Ten years ago, putting a rubber strap on an expensive watch was a niche thing, mostly for divers and people who liked to tinker. Now it is everywhere, and a lot of that comes down to younger collectors who buy these watches to wear them rather than lock them away. The reasons make sense once you think about it. The metal bracelet is lovely, but it is also the part that takes the most punishment. It gets scratched on desks and car doors. The links loosen and stretch over the years, so the bracelet starts to sag, and you have probably seen an older watch droop when someone holds it on its side. A worn bracelet also knocks money off the resale price, and we are talking about watches that can cost as much as a car. So a lot of owners take the bracelet off the day they buy the watch, put it away in perfect condition, and wear something cheaper that they do not mind scratching.
Then there is comfort. Rubber is light, it does not catch arm hair, and it handles the things that ruin a metal bracelet. Sweat, sunscreen, chlorine and saltwater all run off it instead of getting trapped. A dive watch is built to go hundreds of metres underwater, but most of them never leave the office. Put one on rubber and it is finally set up for the job it was made for. There is also the look of it. Changing the strap can completely change the feel of a watch. You can take a dressy steel sports model and turn it into something you would actually swim in, or tone down a flashy piece so it draws less attention, which in some places matters more than you might think.
So what makes a good rubber strap different from a cheap one? It mostly comes down to the material. The cheap straps you have seen for years are usually silicone or low-grade rubber. They feel soft in the shop, but they grab dust and lint, go sticky in the heat, start to smell, and lose their shape. The straps that watch people actually want are made from FKM rubber, short for fluoroelastomer. It is the same kind of material first made for seals in planes and cars, where you cannot afford for it to fail.
FKM is dense and does not soak anything up. It handles chemicals, sunlight and a huge range of temperatures, and it will not hold sweat or smells. Wear it every day and it keeps its shape and colour instead of going soft and faded. It feels like part of the watch, not like something off a pool toy. That is a big reason the better brands are happy to put a lifetime warranty on it.
But the material is only half of it. The other half is fit, and this is where most cheap straps fall apart. A watch case is not flat. The lugs curve, the gap between them is measured down to the millimetre, and the bottom of the case has its own shape. If a strap is just shoved between the lugs, you get a little gap where the rubber meets the steel, and it looks wrong. A good strap is made for one specific watch, so the end of the strap follows the exact curve of that case and the two look like one piece. Put a generic strap on a Submariner and something feels off. Put on one built for it and you notice the difference straight away.

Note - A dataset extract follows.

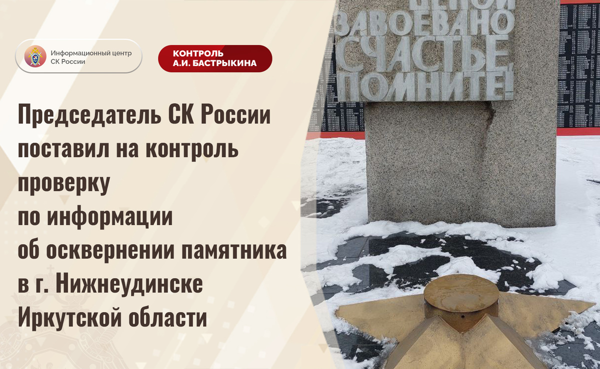Председатель СК России поставил на контроль проверку по информации об осквернении памятника в г. Нижнеудинске Иркутской области В социальной сети сообщается об осквернении символа памяти погибших в годы Великой Отечественной войны в городе Нижнеудинске Иркутской области. В ноябре текущего года неустановленные лица пытались повредить газовую горелку, расположенную в горловине звезды Огня Памяти, а также другое оборудование, после чего скрылись с места происшествия. В СУ СК России по Иркутской области по данному факту организована процессуальная проверка. Председатель Следственного комитета Российской Федерации Александр Иванович Бастрыкин поставил ход процессуальной проверки на контроль в центральном аппарате ведомства и поручил руководителю СУ СК России по Иркутской области Анатолию Викторовичу Ситникову представить доклад о ее промежуточных результатах и принятом по итогам решении. #СледственныйКомитет #СКРоссии #СКР #ИЦСКР #ИнформационныйЦентр #АлександрБастрыкин #ПредседательСКР #Ко

That focus on getting the fit right for each model is how Helvetus has grown into one of the biggest names in this space, with more than 45,000 customers in just a few years. Instead of one strap that sort of fits everything, they build each FKM strap around a specific case. The straps are made to work with your watch’s original buckle and come off again whenever you want, so nothing you do is permanent. The range is huge. Along with their best-selling Rolex rubber straps, made for everything from the Submariner and Daytona to the GMT-Master II and Datejust, they do straps for Tudor, Omega, Panerai, IWC and even the Omega × Swatch MoonSwatch, the cheap plastic chronograph that did more than anything to get younger buyers into swapping straps.
Cartier is the one that surprises people. For years Cartier owners stuck to leather, and the Santos in particular, with its exposed screws and square case, is hard to fit with anything but the strap it came on. The Helvetus rubber straps for the Cartier Santos are cut to match that tricky shape, which is part of why Cartier has become one of their best sellers. They ship worldwide and reach just about anywhere a collector lives, from big cities to tiny islands and out-of-the-way territories. Shipping is free, there are no surprise customs charges to deal with, and every rubber strap is covered for life, which makes trying one feel pretty low-risk.
None of this means the bracelet is finished. Most people keep theirs, safe and unmarked, ready to put back on for a wedding or before they sell. That is really the whole idea. A good rubber strap is not a downgrade. It just gives you another way to wear an expensive watch, more often and more freely, without babying it, while the part that holds most of its value stays exactly as it left the factory. For people who actually use their watches, that is an easy call to make, and an easy one to undo if you ever change your mind.